Question about setting up SLI

Eru

New member
Are there many requirements for SLI other than the neumerical sufix being the same (ie GTX570)? I'm looking at setting up SLI EVGA GTX570's but there are neumerous variations on the EVGA site. I have just the basic card (1.2GB of RAM and a 732MHz GPU). Would SLI still work if I picked up the classified card or would need an identical card all together?
 
yup, but the video ram size has to be the same. I don't know if the same applies with Nvidia but i know with AMD you can have 2 cards with different clocks.
 
Same amount of memory. Yea those will work together. It's also not difficult to match the non classified to the other one.
 
my suggestion is get the same as ya have now as in sli both cards will run at the lowest one. so why buy bigger better (unless you plan on changing it later) and have it down clocked
 
I didn't know the other would be down clocked.
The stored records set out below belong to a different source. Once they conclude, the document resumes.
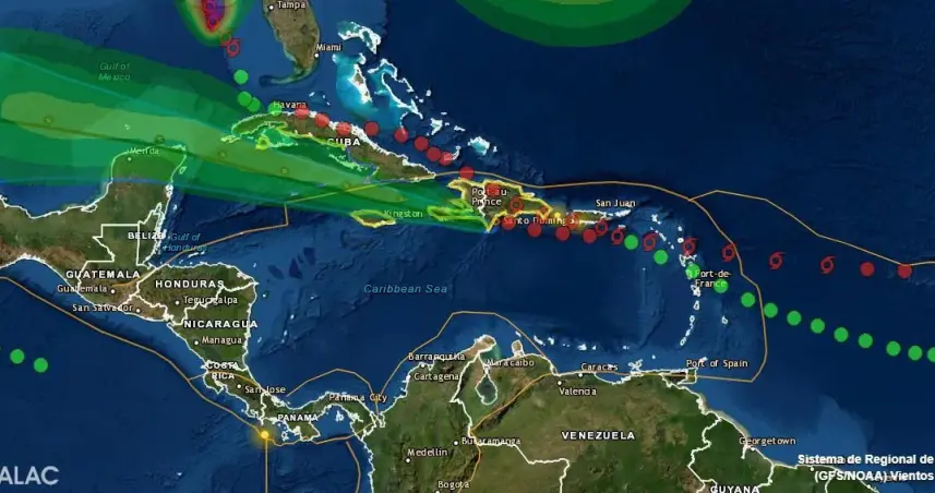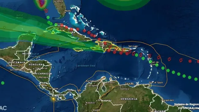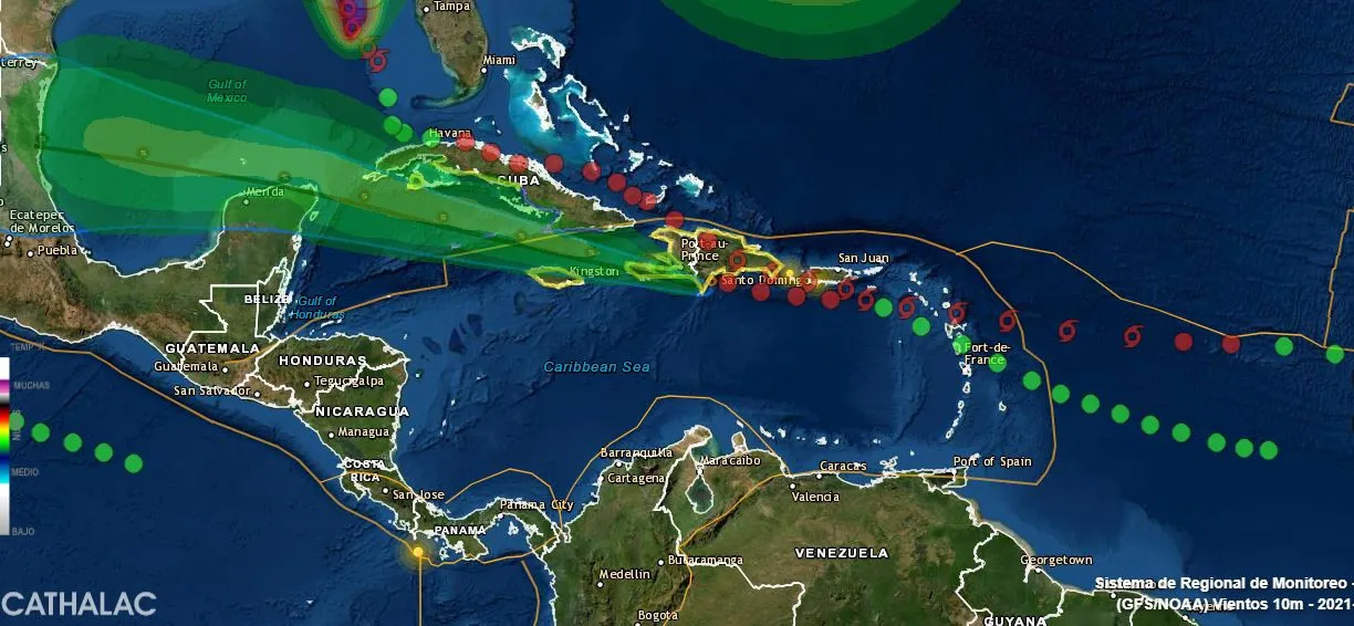 Tanto en Haití como en República Dominicana se esperan de 5 a 10 pulgadas de lluvia con totales máximos aislados de 15 pulgadas en todo el área del terreno del sur hasta el martes. Estas fuertes lluvias pueden provocar inundaciones repentinas e inundaciones urbanas y posibles deslizamientos de tierra.
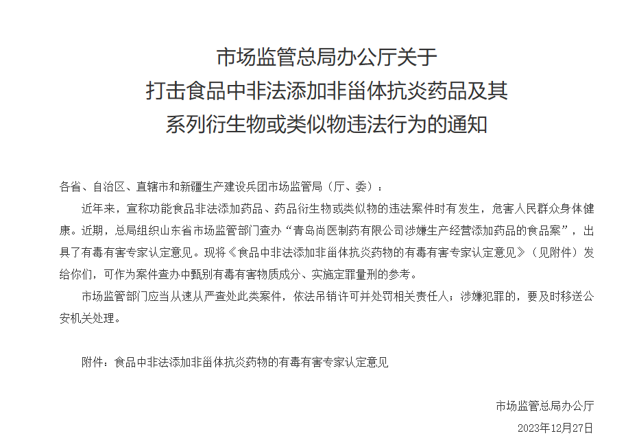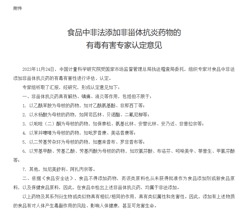 2023年12月,國家市場監(jiān)督管理總局發(fā)布關(guān)于打擊食品中非法添加非甾體抗炎藥品及其系列衍生物或類似物違法行為的通知,加強了對食品中非法添加的監(jiān)管。
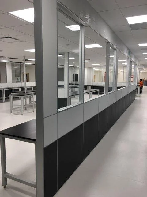 Prefabricated modular free-standing system in development for use in quickly transforming open spaces such as found in retail to laboratories.
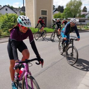 Durch die Stadt ging es weiter nach Diez auf den Aartal-Radweg, wo man nach kurzer Dauer in Niederneisen links hoch in Richtung Mensfelden fuhr. Oben angekommen wartete Bernd Falkenbach am Mensfelder Kopf mit Kalt- und Heißgetränken, Bananen und Snacks. Nach kurzem Stopp ging es in rasender Fahrt hinunter durch Nauheim nach Werschau um dann links über den Radweg nach Dauborn zum mittlerweile traditionellen Abschluss bei Christa und Arno Wagner. Frischer Kuchen von Christa, selbstgemachter Eierlikör und eine Probe edler Dauborner Brände wurden verköstigt.
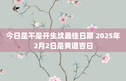 今日是不是开生坟最佳日期 2025年2月2日是黄道吉日当日适合开生坟根据该日的黄历信息分析可得,2025年2月2日为黄道日,黄道日即是民间的黄道吉日,吉日办事可一顺百顺,对事情有着正向积极的促进作用,因此2025年...2024-12-08
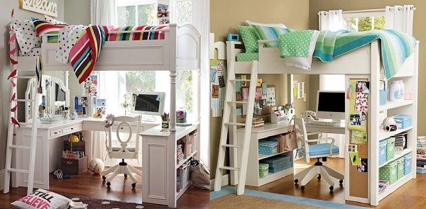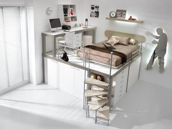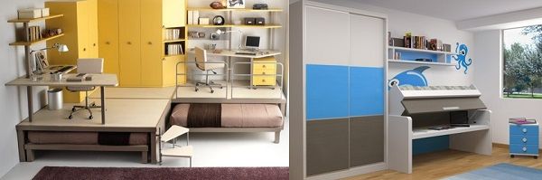 Una forma de economizar de manera inteligente el espacio disponible es aprovechar un espacio, que en teoría permanecería muerto, para convertirlo en un habitáculo de estudio. Así, mientas una cama al uso se mantendría en la superficie del suelo, en su lugar lo hace un mueble y escritorio y, por su parte, la cama adopta una estructura de litera.
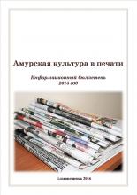 Настоящий выпуск информационного бюллетеня «Амурская культура в печати» знакомит читателей с публикациями в периодических изданиях, отражающими состояние амурской культуры в 2015 году. В бюллетень также включены статьи за 2014 год, не вошедшие в предыдущий выпуск. Материал сгруппирован в тематических разделах и детализированных подразделах: "Общие вопросы культуры", "Исторические памятники и памятные места", "События культурной жизни", "Театральная жизнь", "Учреждения культуры и творческие коллективы", "Библиотеки", "Музеи", "Средства массовой информации", "Люди в культуре", "Гастроли в Приамурье".
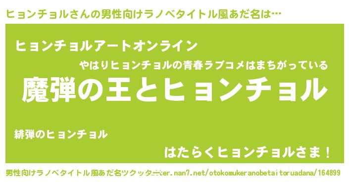 | 女子向けラノベタイトル風あだ名 | 『乙女ゲームの破滅フラグしかない悪役ヒョンチョルに転生してしまった…』 |
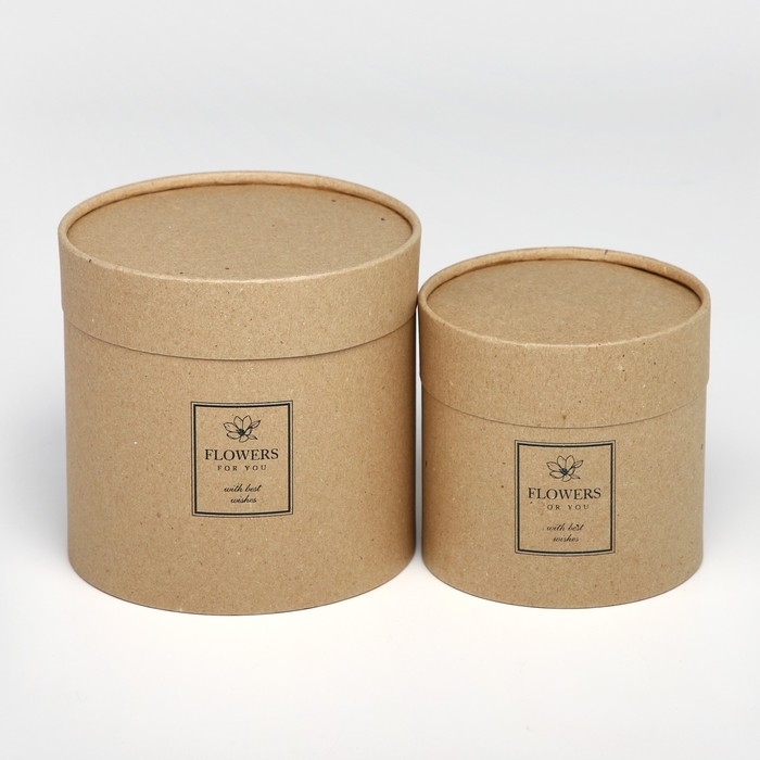 Набор шляпных коробок из крафта 2 в 1, упаковка подарочная, «Flowers», 12 х 12, 15 х 15 см
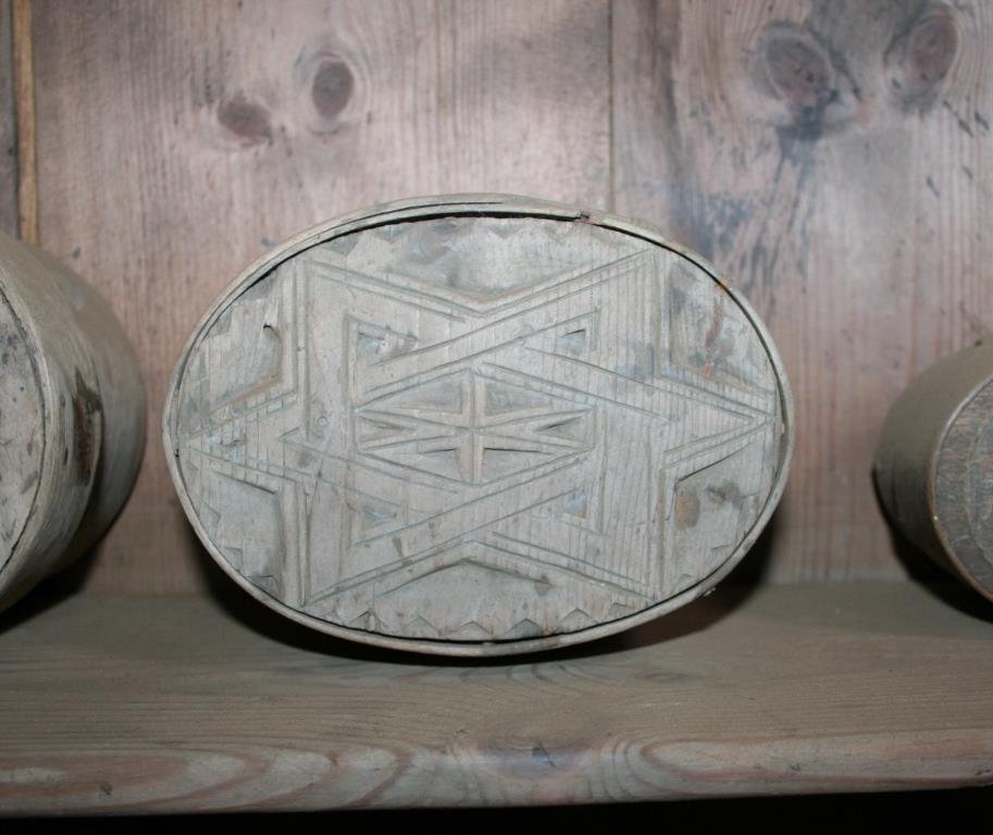 Svigar úr beyki, botnar fura. Saumað með horni. Útskurður svipaður og á nr. 55 - 60. Í stað stjörnu í miðju eru 4 þríhyrningar
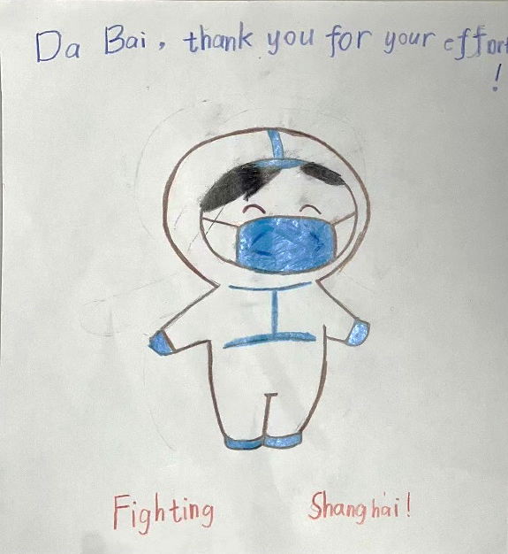 孩子们用鲜艳的画笔,发挥想象,认真进行创作画作,表达了对一线抗疫工作者、志愿者的敬意,同时从中学会了关注社会,珍爱生命,懂得感恩。
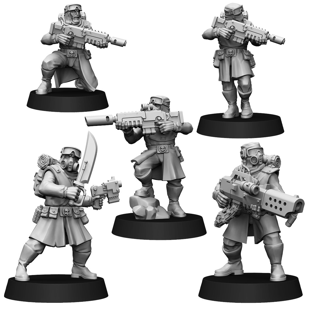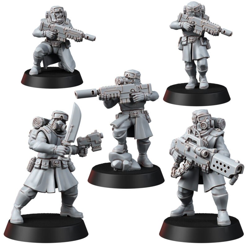 This set includes five figures (32 mm). Each consists of a torso+head, legs, arms with weapons.

I might pitch in the extra $10 and see if I get a second for christmas XD

I'll give it some more thought either way.
 
Get the identical one. There is no point getting 100MHz faster card, selling the slower one later on to get another one... Too complicated. By the time your 570's will not be powerful enough, there will be a new generation of Nvidia cards anyway.
 
Hi,

Due to buying my first GTX 570 (a Palit) at launch and the 2nd one (an Inno3D Card) second hand here, my cards, while both running the same core speed, are different revisions. This means the newer card is shorter, different layout different cooler etc. yet both play very nicely together.

IF you were to get a pair of cards that were clocked differently then it should revert to the speed of the slower card. Still, using Afterburner it's easy to set clocks etc. on each card. Once installed, and you enable SLI in the drivers, it will apply an SLI profile to every game you have installed - well it did for me. Everything so far has worked well - the one exception being the rather buggy RAGE which is an OpenGL rather than DirectX game and, while you can force it, actually plays SLOWER (MUCH) with SLI enabled. A viable option here is to let card 1 handle the rendering and let card 2 handle the AA...works very well and both cards are equally loaded during gameplay.

One thing to be aware of...the SLI bridge connector is usually supplied with SLI capable motherboards, you DON'T usually get them with the cards...

Best of luck.

Scoob.
 
It's OK. I have different factory clocks with my 480's and they've been fine running at different clocks in SLI. Most of the time I have them set at equal speeds with MSI Afterburner. I guess the motherboard quality is a big player in this, to regulate the data flow, or the CPU has PCI bus's built in maby.